Error Codes during Handshake

HTTP Status	Reason
401	Missing or invalid `api_key`
403	User not authorized for stream processing
400	Missing or invalid `provider` parameter

Provider-Specific Parameters

ElevenLabs

All parameters are passed as URL query strings and forwarded to wss://api.elevenlabs.io/v1/speech-to-text/realtime.

Parameter	Type	Default	Description
model_id	string	scribe_v2_realtime	Model to use for transcription
language_code	string	-	ISO language code (e.g., `en`, `zh`)
tag_audio_events	boolean	false	Tag audio events like music, laughter
num_speakers	integer	-	Expected number of speakers
diarize	boolean	false	Enable speaker diarization
enable_logging	boolean	false	Enable server-side logging
inactivity_timeout	integer	-	Session timeout in seconds when no audio is received

Audio format: Send audio as JSON text frames:

{
  "message_type": "input_audio_chunk",
  "audio_base_64": "<base64-encoded PCM audio>",
  "commit": false,
  "sample_rate": 16000
}

End session: Send a commit message:

{
  "message_type": "input_audio_chunk",
  "audio_base_64": "",
  "commit": true
}

AssemblyAI

All parameters are passed as URL query strings and forwarded to wss://streaming.assemblyai.com/v3/ws.

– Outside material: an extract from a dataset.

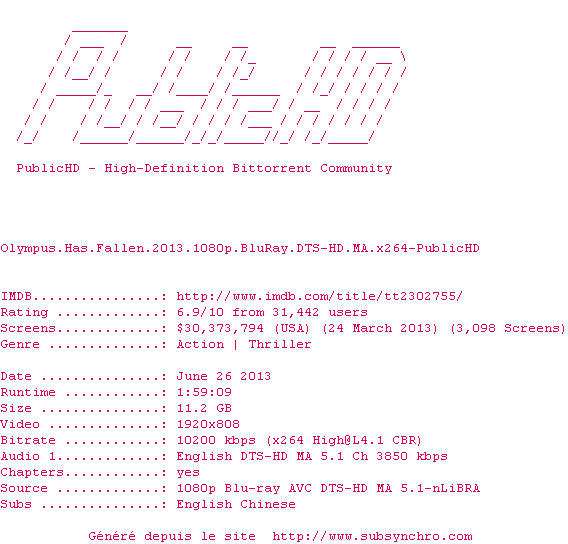 Pour ma part j'ai vraiment "kifer" le film, genre film d'action à l'ancienne avec un Butler au top (l'acteur jouant le président des USA un peu con... mais bon) une belle histoire, visuel assez bien foutu, qualité bluray obligé!

Parameter	Type	Default	Description
sample_rate	integer	16000	Audio sample rate in Hz
encoding	string	pcm_s16le	Audio encoding format
language_code	string	-	ISO language code
disable_partial_transcripts	boolean	false	Only receive final transcripts
enable_extra_session_information	boolean	false	Include extra session info

Audio format: Send raw PCM audio as binary frames. End session: Send a text frame:

{
  "type": "session_termination"
}

Data Flow

Client (browser/app)                    Memories.ai Gateway                    Provider (ElevenLabs/AssemblyAI)
       |                                       |                                       |
       |── WebSocket connect ─────────────────>|                                       |
       |   ?provider=elevenlabs&api_key=xxx    |                                       |
       |                                       |── Validate API Key                    |
       |                                       |── Connect upstream ──────────────────>|
       |<── Connection established ────────────|<── Connection established ────────────|
       |                                       |                                       |
       |── Audio frame ──────────────────────->|── Forward audio ────────────────────->|
       |── Audio frame ──────────────────────->|── Forward audio ────────────────────->|
       |                                       |                                       |
       |<── Transcription result ──────────────|<── Transcription result ──────────────|
       |<── Transcription result ──────────────|<── Transcription result ──────────────|
       |                                       |                                       |
       |── Close ─────────────────────────────>|── Close ─────────────────────────────>|

Code Examples

import asyncio
import websockets
import json
import base64

WS_URL = "wss://mavi-backend.memories.ai/serve/ws/v2/audio-stream"
API_KEY = "sk-mai-your_api_key"

async def stream_audio():
    params = (
        f"?provider=elevenlabs"
        f"&api_key={API_KEY}"
        f"&model_id=scribe_v2_realtime"
        f"&language_code=en"
    )

    async with websockets.connect(WS_URL + params) as ws:
        # Start receiving task
        async def receive():
            async for message in ws:
                data = json.loads(message)
                print(json.dumps(data, indent=2))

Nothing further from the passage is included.